Source records:
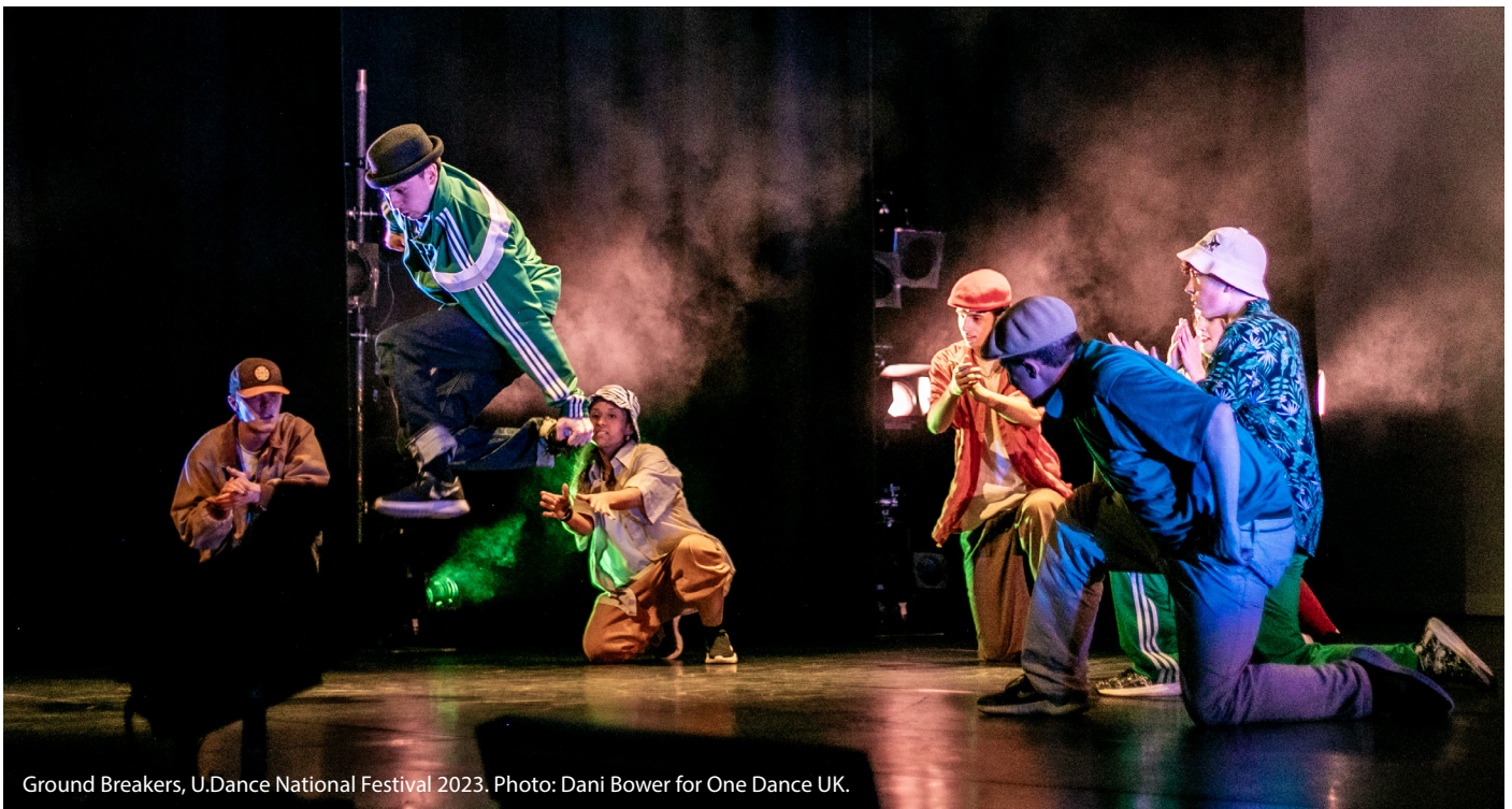
Ground Breakers, U.Dance National Festival 2023.
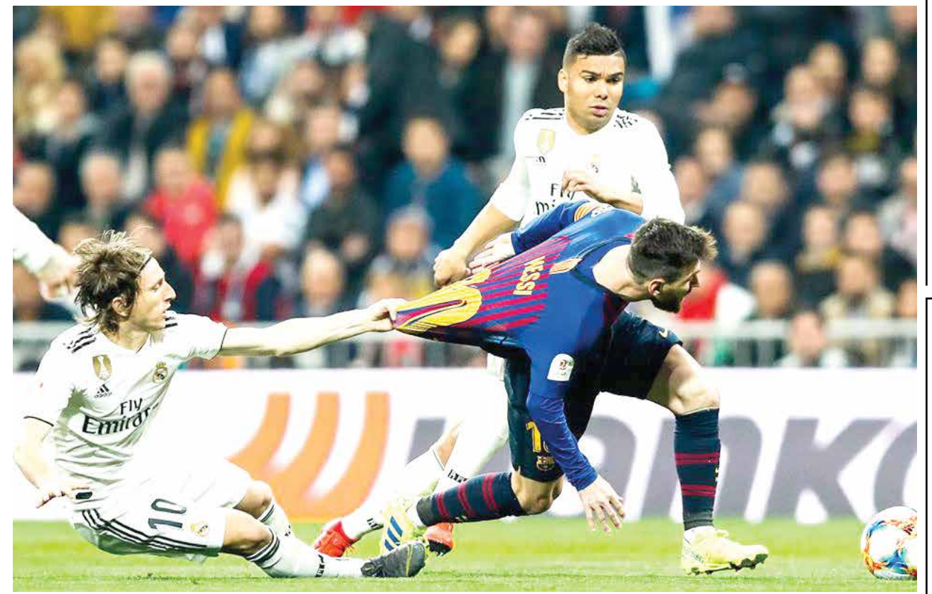
Real Madrid's Ballon d'Or winning midfielder Luka Modric pulls Lionel Messi's shirt in an attempt to stop the world's best player during Wednesday's Copa del Rey el Classico at the Bernabeu. Barcelona won 0-3 on the night and 4-1 on aggregate to reach their 6th straight final in the competition

"We are sad, we wanted to play in the final," Solari said.
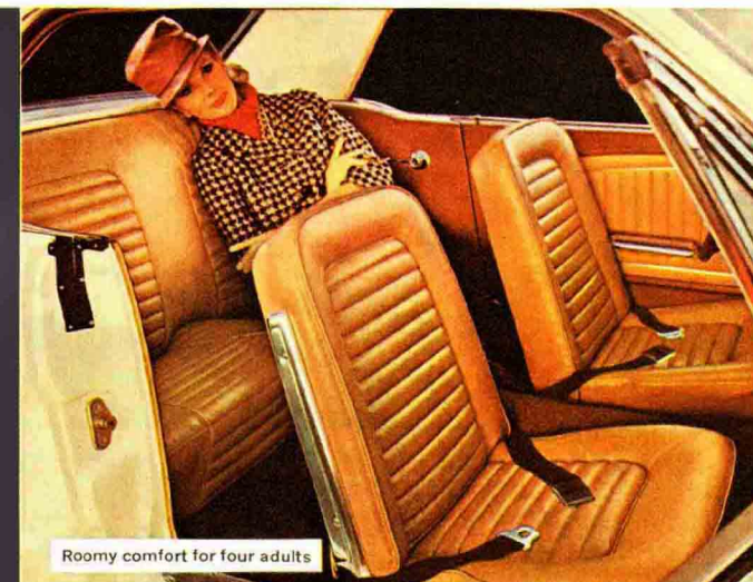
Roomy comfort for four adults
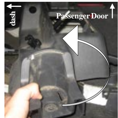
Figure 17: Console Install

SPECIAL NOTE: The components packaged in this kit have been assembled and machined for specific type of conversions. Modifications to any of the components will void any possible warranty or return privileges. If you do not fully understand modifications or changes that will be required to complete your conversion, we strongly recommend that you contact our sales department for more information. This instruction sheet is only to be used for the assembly of Advance Adapter components. We recommend that a service manual pertaining to your vehicle be obtained for specific torque values, wiring diagrams and other related equipment. These manuals are normally available at automotive dealerships and parts stores.

→ **What the exercise asks**
Which lines of the data include "final"? Copy each of them.

→ **Solution to this exercise**
Real Madrid's Ballon d'Or winning midfielder Luka Modric pulls Lionel Messi's shirt in an attempt to stop the world's best player during Wednesday's Copa del Rey el Classico at the Bernabeu. Barcelona won 0-3 on the night and 4-1 on aggregate to reach their 6th straight final in the competition
"We are sad, we wanted to play in the final," Solari said.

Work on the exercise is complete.